1 pie chart: also known as pie chart, it is a statistical chart that uses the area of a circle to represent the population of the research object, and divides the area of the circle into several sectors according to the proportion of each component in the population to represent the proportional relationship between the phenomenon part and the population. The results of frequency analysis should be represented by pie charts.

2 graph: it is a statistical graph that shows the change of data with the rise and fall of line segments. It mainly shows the changing trend of phenomena in time, the distribution of phenomena and the dependence of the two phenomena.

Area map: a statistical map that emphasizes the change of phenomena with the shadow area under the line segment.

Bar chart: a statistical chart showing the size and change of statistical data by the length or height of bars with the same width.

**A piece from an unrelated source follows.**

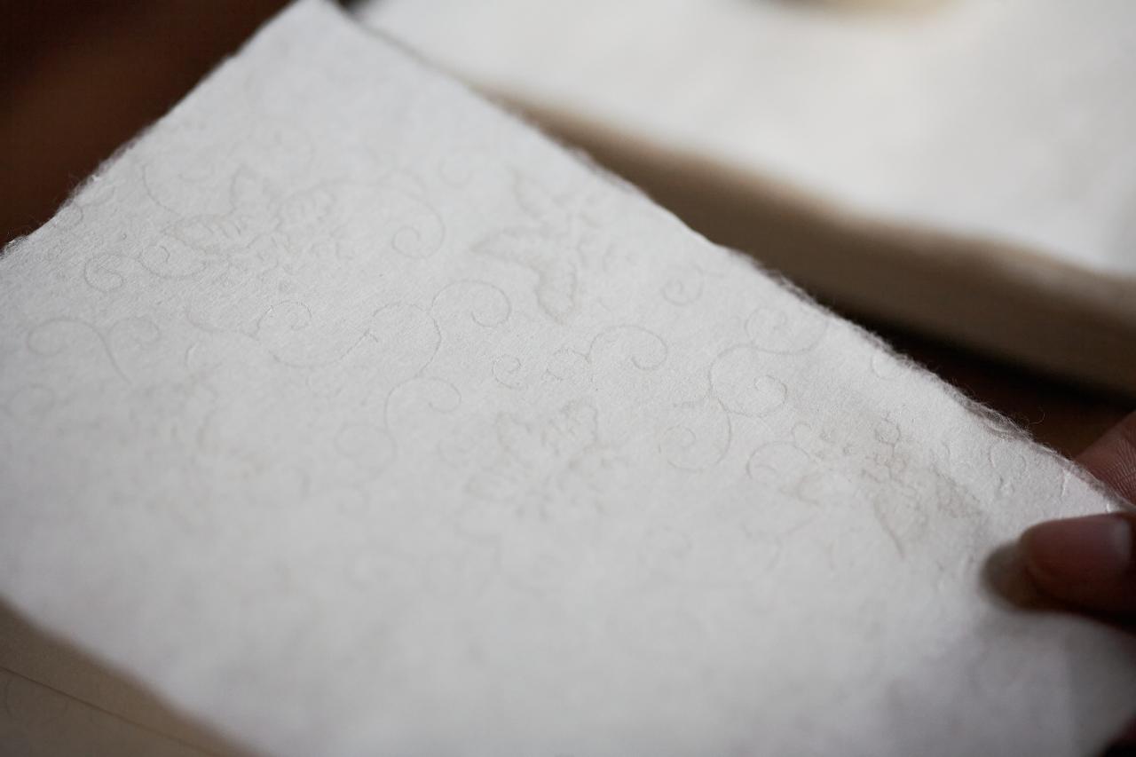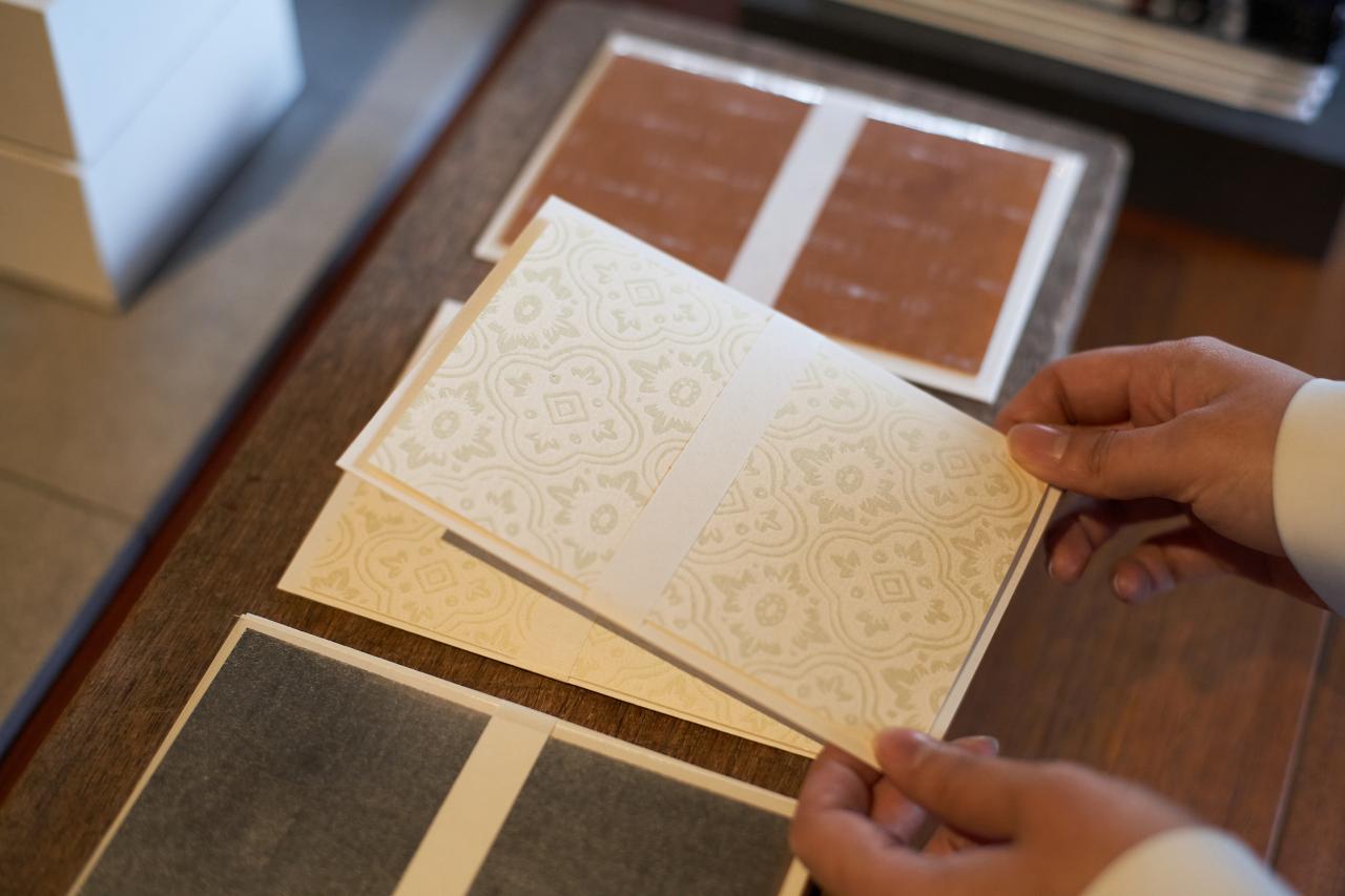 「基本的に、唐紙は和紙に胡粉を塗り、版木を使って雲母で文様を型押ししてつくられます。作業はすべて手作業です。普段は和紙職人や版木を作る職人、襖や障子を貼る職人とチームになって仕事をしていて、私は主にデザインの考案、染めと手刷りの作業を担当しています」

Five questionnaire in-depth analysis

In addition to the above simple analysis, we can also use the powerful functions of spss to make in-depth analysis of the questionnaire, such as cluster analysis, cross analysis, factor analysis, mean ratio analysis (parameter test), correlation analysis, regression analysis and so on. Because it involves very professional statistical knowledge, the following is a brief introduction to the application scope and analysis purpose of personal useful methods:

1 cluster analysis

Sample clustering can classify the respondents and calculate the proportion of each category according to these attributes, so as to clearly study the groups concerned. For example, the respondents are clustered according to their consumption characteristics.

2 correlation analysis

Correlation analysis is an analysis method for whether there is correlation between two or more variables, and different correlation measurement methods should be selected according to the different characteristics of variables. Most of the variables used in questionnaire analysis belong to classified variables, and Spearman correlation coefficient should be adopted.

Chi-square test can be used, which is an analysis method of whether there is significant influence between two variables.

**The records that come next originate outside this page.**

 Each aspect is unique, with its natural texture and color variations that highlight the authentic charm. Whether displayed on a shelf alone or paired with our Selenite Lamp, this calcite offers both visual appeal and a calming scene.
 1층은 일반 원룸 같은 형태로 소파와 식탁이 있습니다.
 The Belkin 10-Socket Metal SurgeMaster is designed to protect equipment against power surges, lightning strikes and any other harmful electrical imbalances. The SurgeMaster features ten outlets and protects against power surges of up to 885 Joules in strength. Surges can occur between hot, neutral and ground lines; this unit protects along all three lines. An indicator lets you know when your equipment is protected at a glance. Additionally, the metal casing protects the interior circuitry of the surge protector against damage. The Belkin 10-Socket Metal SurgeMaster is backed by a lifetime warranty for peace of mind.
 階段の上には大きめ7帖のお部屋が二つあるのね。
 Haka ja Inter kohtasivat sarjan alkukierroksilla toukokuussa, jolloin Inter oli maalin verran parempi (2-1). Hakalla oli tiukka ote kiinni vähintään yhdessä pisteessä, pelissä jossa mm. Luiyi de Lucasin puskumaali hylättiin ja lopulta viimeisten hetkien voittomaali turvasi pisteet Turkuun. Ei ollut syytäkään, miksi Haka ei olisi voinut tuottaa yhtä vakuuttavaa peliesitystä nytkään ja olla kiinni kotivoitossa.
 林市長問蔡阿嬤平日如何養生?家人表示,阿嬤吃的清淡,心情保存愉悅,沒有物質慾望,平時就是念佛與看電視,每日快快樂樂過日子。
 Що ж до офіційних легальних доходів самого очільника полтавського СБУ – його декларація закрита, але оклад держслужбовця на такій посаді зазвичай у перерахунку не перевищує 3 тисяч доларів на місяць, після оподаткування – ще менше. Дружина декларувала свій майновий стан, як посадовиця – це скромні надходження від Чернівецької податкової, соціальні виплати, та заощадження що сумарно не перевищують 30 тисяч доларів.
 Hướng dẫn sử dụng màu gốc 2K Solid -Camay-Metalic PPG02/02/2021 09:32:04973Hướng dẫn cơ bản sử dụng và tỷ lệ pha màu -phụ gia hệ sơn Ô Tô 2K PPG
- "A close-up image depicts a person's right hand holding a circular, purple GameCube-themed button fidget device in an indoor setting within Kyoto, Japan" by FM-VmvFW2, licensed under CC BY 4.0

Comparison and test of three average values

(1) mean process: comprehensively describe and analyze the specified variables, calculate the mean in groups and then compare them. For example, it can be divided into men and women according to gender variables to study whether there is a gap in income between them.

(2)T test:

Independent sample t test is used to test whether irrelevant samples come from the same population. For example, study whether there is a significant difference in income between customers who buy the product and customers who don't buy the product.

If the samples are not independent, paired t test should be used. For example, study whether the work efficiency is improved after participating in vocational training.

4 Regression analysis

In the regression analysis of questionnaire analysis, discrete regression model, usually logistic model, is often used to explain the influence of one variable on another. For example, study the impact of income on the consumption of a commodity.